CEO Sam Altman, who contributed $1 million to President-elect Donald Trump’s inaugural fund, seeks stronger ties with the incoming administration, which includes former PayPal executive David Sacks as AI and crypto czar. The company will host an event in Washington DC this month to promote its proposals.

Microsoft-backed OpenAI continues to seek further investment after raising $6.6 billion last year. The startup plans to transform into a for-profit entity to secure additional funding necessary for competing in the expensive AI race.

US tightens AI chip export rules to maintain edge over China

The US government has announced new restrictions on exporting AI chips and technology, seeking to safeguard its dominance in AI development while limiting China’s access to advanced computing capabilities. The regulations, unveiled during the final days of President Biden’s administration, impose strict caps on AI chip exports to most countries, with exemptions for close allies such as Japan, the UK, and South Korea. Countries like China, Russia, Iran, and North Korea remain barred from accessing this critical technology.

Commerce Secretary Gina Raimondo emphasised the importance of maintaining US leadership in AI to support national security and economic interests. The regulations, which build on a four-year effort to block China’s acquisition of advanced chips, also close existing loopholes and enforce tighter controls. New limits target advanced graphics processing units (GPUs), essential for training AI models, and introduce worldwide licensing requirements for cutting-edge AI technologies. Major cloud providers like Microsoft and Amazon will face new authorisation processes to establish data centres globally under stringent conditions.

Industry leaders, including Nvidia, have expressed concerns over the broad scope of the rules, warning of potential harm to innovation and market dynamics. Nvidia called the restrictions an “overreach,” while Oracle cautioned that the measures could inadvertently benefit Chinese competitors. Despite this criticism, US officials argue the rules are vital for maintaining a competitive edge, given AI’s transformative potential in sectors like healthcare, cybersecurity, and defence. China’s Commerce Ministry condemned the move, vowing to protect its interests in response to the escalating technology standoff.

US lawmakers push to delay TikTok ban amid looming deadline

Two Democratic lawmakers have called on President Joe Biden and Congress to extend the looming 19 January deadline for ByteDance, TikTok’s China-based parent company, to sell its US operations or face a nationwide ban. The Supreme Court recently heard arguments from ByteDance’s lawyer, Noel Francisco, who argued that a sale by next week’s deadline would be impossible and that a ban would effectively shut down TikTok, which has 170 million American users.

Senator Edward Markey announced plans to propose a 270-day extension to the deadline, warning of the ban’s cultural and economic consequences. Markey emphasised that TikTok is a vital platform for social and economic interactions, stating, ‘We cannot allow millions to be silenced.’ Representative Ro Khanna echoed these concerns, urging Biden and President-elect Donald Trump to delay the ban to safeguard free speech and livelihoods tied to the app.

Without intervention, TikTok could face immediate restrictions, including bans on new downloads from app stores and eventual service degradation. While the White House has not commented, Biden retains the authority to extend the deadline if ByteDance demonstrates substantial progress toward divestiture—though meeting that standard appears unlikely.
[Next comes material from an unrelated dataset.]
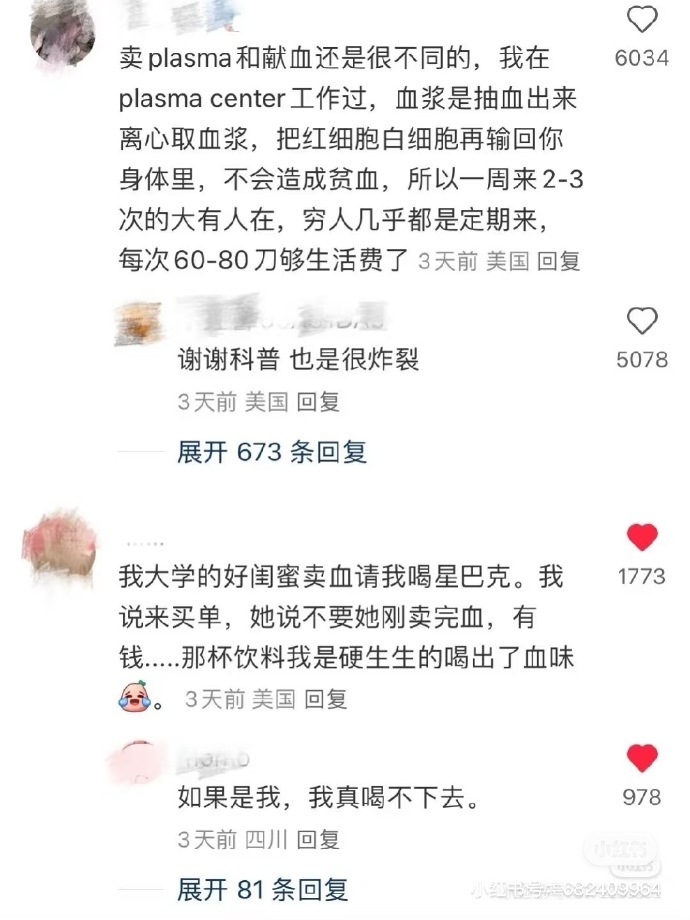 🔹“賣血”:指美國人有償獻血,美國人一年最多可以獻血104次。 在美國,一次標準的有償獻血收益通常在30美元到50美元之間,為了鼓勵美國人賣血,血漿中心會退出首抽獎勵、連抽獎勵的激勵機制。

Lemon8 gains popularity amid TikTok uncertainty

As the possibility of a US TikTok ban looms, social media influencers are increasingly turning to Lemon8, a new app owned by TikTok’s parent company, ByteDance, as a potential alternative. Lemon8, which launched in the US and UK in 2023, combines the best aspects of Instagram and Pinterest, offering a “lifestyle community” with an emphasis on aesthetically pleasing images, videos, and lifestyle topics like beauty, fashion, food, travel, and pets. With over 1 million daily active users in the US, it has quickly gained traction, especially among Gen Z users.

Influencers are particularly drawn to Lemon8’s integration with TikTok, allowing creators to easily cross-post and boost engagement. Despite the platform’s appeal, however, Lemon8’s future remains uncertain. Like TikTok, it is owned by ByteDance, making it potentially subject to the same US regulations, including a law requiring the company to divest from TikTok or face a ban. This uncertainty is causing anxiety among creators who fear the loss of their primary platform and are seeking safer options like Lemon8.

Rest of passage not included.